Exxon Mobil Corp. found no need to issue warnings about MTBE to customers, a former employee testified in the New Hampshire trial over whether the company is liable for contaminating water with the gasoline additive.
The Irving, Texas-based oil company is trying to convince a jury that federal law required the use of the additive, methyl tertiary butyl ether, and that it didn’t harm anyone in New Hampshire. The company began presenting its case March 4 in Concord in a trial that started Jan. 14.
Victor Dugan, who retired last year from Exxon, testified March 5 that the additive was extensively researched before being added to fuel in 1985 to reduce air pollution, and that its benefits outweighed the risks. Gasoline dealers and distributors were given adequate warnings about the hazards of gasoline and how to deal with leaks, he said.
Cross-examining Dugan yesterday, Jessica Grant, a lawyer for the state, asked why the company hadn’t released specific warnings about MTBE. She also asked about the decision to use the additive nationwide after testing it in selected markets.
“We followed it cradle to grave and found that it did not pose a risk,” Dugan said. “It was leaking underground storage tanks that posed the risk.”
“There is simply no MTBE crisis,” Charles Engelmann, a company spokesman, said by e-mail. “MTBE hasn’t been used in the state since 2005, and there is not a single personal injury being claimed in this lawsuit.”
The state seeks damages from Exxon Mobil based on its share of gasoline sales in New Hampshire during the period covered by the lawsuit. An economist testified for the state that it was about 30 percent. Based on an estimated cost of $818 million to test, monitor and clean up wells, New Hampshire might be seeking at least $245 million from the company.
Exxon Mobil (XOM) challenged the estimate, saying refinery data would have shown a market share as low as 6.9 percent.
In Maryland last week a court of appeals reversed two jury verdicts against Exxon Mobil in MTBE cases in which plaintiffs won $1.65 billion on claims of financial and property damage from an underground leak in 2006 that released MTBE into the water. The appeals court said Exxon Mobil hadn’t made fraudulent statements and the plaintiffs failed to show physical harm.
Exxon Mobil is the sole defendant on trial in New Hampshire since Citgo Petroleum Corp., the Houston-based unit of Petroleos de Venezuela SA, the country’s state-owned oil company, agreed last month to a $16 million settlement.
New Hampshire’s suit is one of scores of cases involving MTBE filed since 2000 against refiners, fuel distributors and chemical makers. Other cases were consolidated in federal court in New York for pretrial evidence-gathering and motions.
A federal jury in 2009 ordered Exxon Mobil to pay New York City $104.7 million after finding it liable for polluting wells in the city. The company has appealed.
The company argues that in adding MTBE to gasoline it was complying with federal regulations, which pre-empt state law. The additive was used to make gasoline burn more thoroughly to reduce air pollution, as required under the 1990 Clean Air Act.
Studies by the American Petroleum Institute were cited in court showing that at mid-to-high levels of ingestion or inhalation, MTBE elevated the risk of brain tumors, liver cancer, blood cancer and kidney cancer in mice and rats.
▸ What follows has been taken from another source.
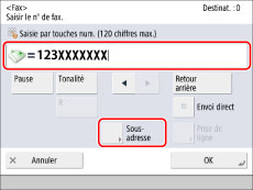 Saisir le numéro de fax → appuyer sur [Sous-adresse].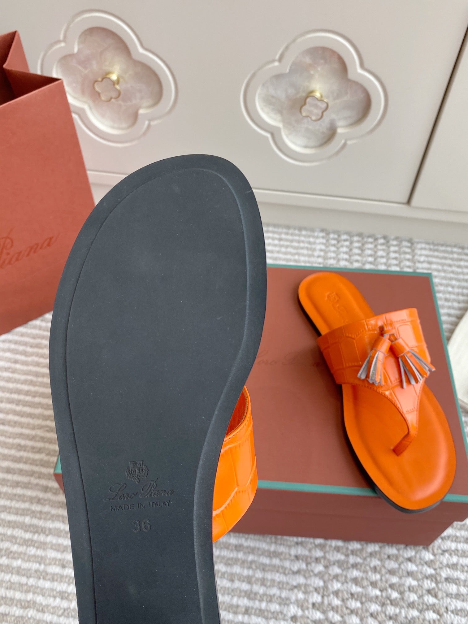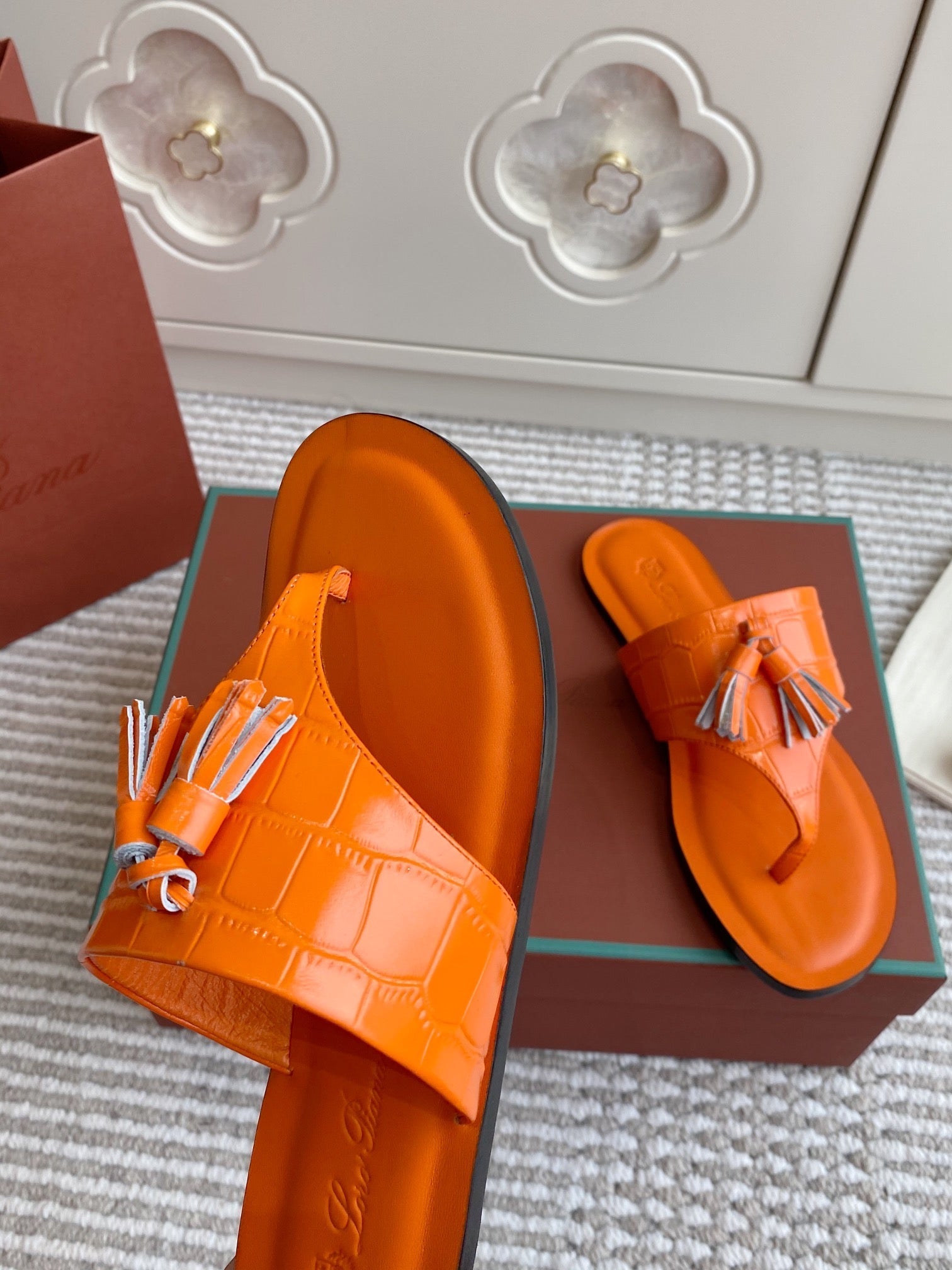 FLIP FLOPS IN ORANGE LAMBSKIN SNAKE EMBOSSING

Exxon Mobil said there has been no evidence that MTBE causes illness in humans.
MTBE is highly soluble in water and can be carried great distances from the source of leaks. It leaked from gas stations, vehicle junkyards, underground storage tanks and pipe fittings, the state said.
The state estimated that about 40,000 New Hampshire wells are contaminated with MTBE and that 5,590 have levels determined to be unfit for drinking. The state said that level is 13 parts of MTBE per billion parts of water.
The case is State of New Hampshire v. Hess Corp., 03- C-0550, New Hampshire Superior Court, Merrimack County (Concord).